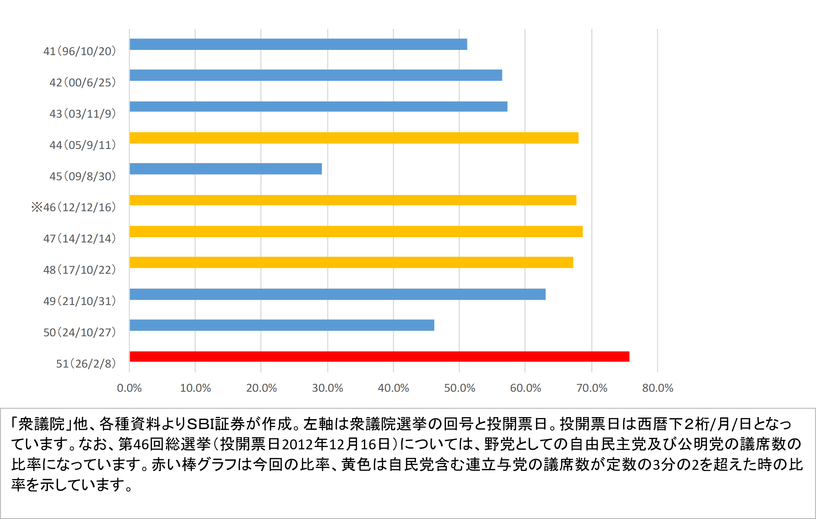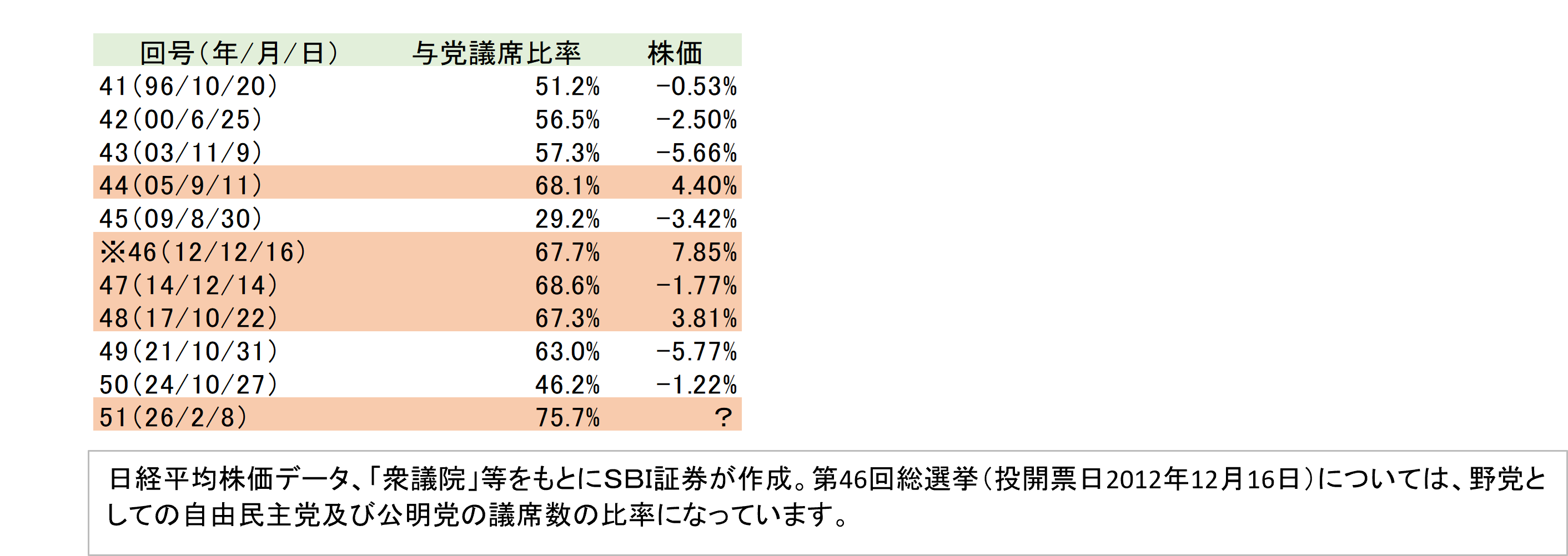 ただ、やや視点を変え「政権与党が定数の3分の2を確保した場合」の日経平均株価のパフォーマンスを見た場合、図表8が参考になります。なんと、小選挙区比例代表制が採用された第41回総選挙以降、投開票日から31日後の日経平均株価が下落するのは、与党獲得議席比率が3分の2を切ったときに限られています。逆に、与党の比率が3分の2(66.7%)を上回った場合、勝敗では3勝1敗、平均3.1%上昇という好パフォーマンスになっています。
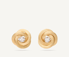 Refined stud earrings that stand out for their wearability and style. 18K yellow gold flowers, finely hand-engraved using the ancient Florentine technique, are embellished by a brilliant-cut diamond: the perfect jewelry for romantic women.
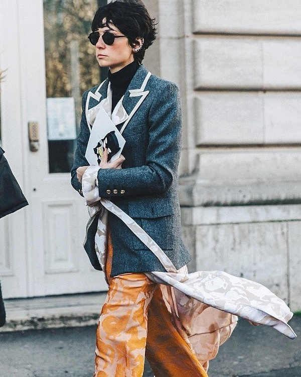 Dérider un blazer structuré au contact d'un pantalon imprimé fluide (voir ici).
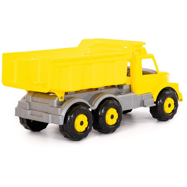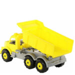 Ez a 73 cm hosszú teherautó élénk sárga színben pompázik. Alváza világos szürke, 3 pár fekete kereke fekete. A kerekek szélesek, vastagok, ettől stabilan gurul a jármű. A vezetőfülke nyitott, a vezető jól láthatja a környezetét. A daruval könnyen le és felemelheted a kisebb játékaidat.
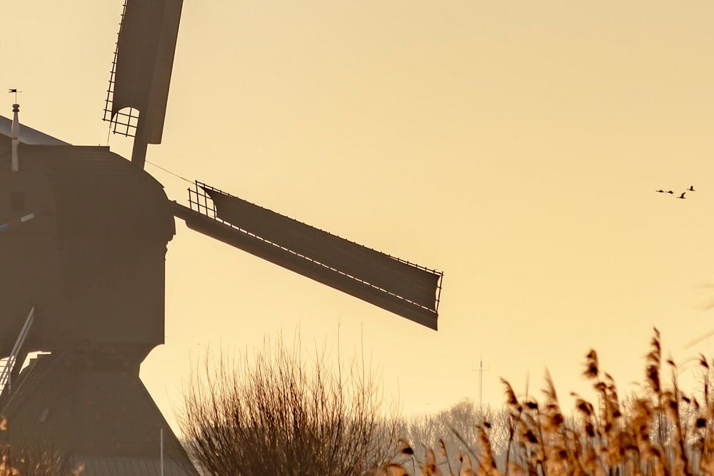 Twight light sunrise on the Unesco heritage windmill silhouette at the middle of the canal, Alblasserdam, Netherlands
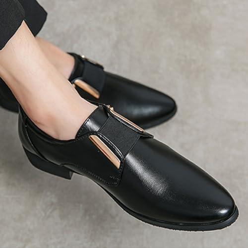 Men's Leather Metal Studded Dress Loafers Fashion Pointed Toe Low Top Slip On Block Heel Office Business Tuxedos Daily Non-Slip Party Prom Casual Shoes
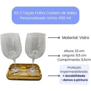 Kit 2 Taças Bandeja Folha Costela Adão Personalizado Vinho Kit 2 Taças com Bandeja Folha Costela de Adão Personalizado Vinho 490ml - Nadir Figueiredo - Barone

----------

## Exercise description
Make an exact copy of the listing. Leave its pictures out.

## Result below
 ただ、やや視点を変え「政権与党が定数の3分の2を確保した場合」の日経平均株価のパフォーマンスを見た場合、図表8が参考になります。なんと、小選挙区比例代表制が採用された第41回総選挙以降、投開票日から31日後の日経平均株価が下落するのは、与党獲得議席比率が3分の2を切ったときに限られています。逆に、与党の比率が3分の2(66.7%)を上回った場合、勝敗では3勝1敗、平均3.1%上昇という好パフォーマンスになっています。
 Refined stud earrings that stand out for their wearability and style. 18K yellow gold flowers, finely hand-engraved using the ancient Florentine technique, are embellished by a brilliant-cut diamond: the perfect jewelry for romantic women.
 Dérider un blazer structuré au contact d'un pantalon imprimé fluide (voir ici).
 Ez a 73 cm hosszú teherautó élénk sárga színben pompázik. Alváza világos szürke, 3 pár fekete kereke fekete. A kerekek szélesek, vastagok, ettől stabilan gurul a jármű. A vezetőfülke nyitott, a vezető jól láthatja a környezetét. A daruval könnyen le és felemelheted a kisebb játékaidat.
 Twight light sunrise on the Unesco heritage windmill silhouette at the middle of the canal, Alblasserdam, Netherlands
 Men's Leather Metal Studded Dress Loafers Fashion Pointed Toe Low Top Slip On Block Heel Office Business Tuxedos Daily Non-Slip Party Prom Casual Shoes
 Kit 2 Taças Bandeja Folha Costela Adão Personalizado Vinho Kit 2 Taças com Bandeja Folha Costela de Adão Personalizado Vinho 490ml - Nadir Figueiredo - Barone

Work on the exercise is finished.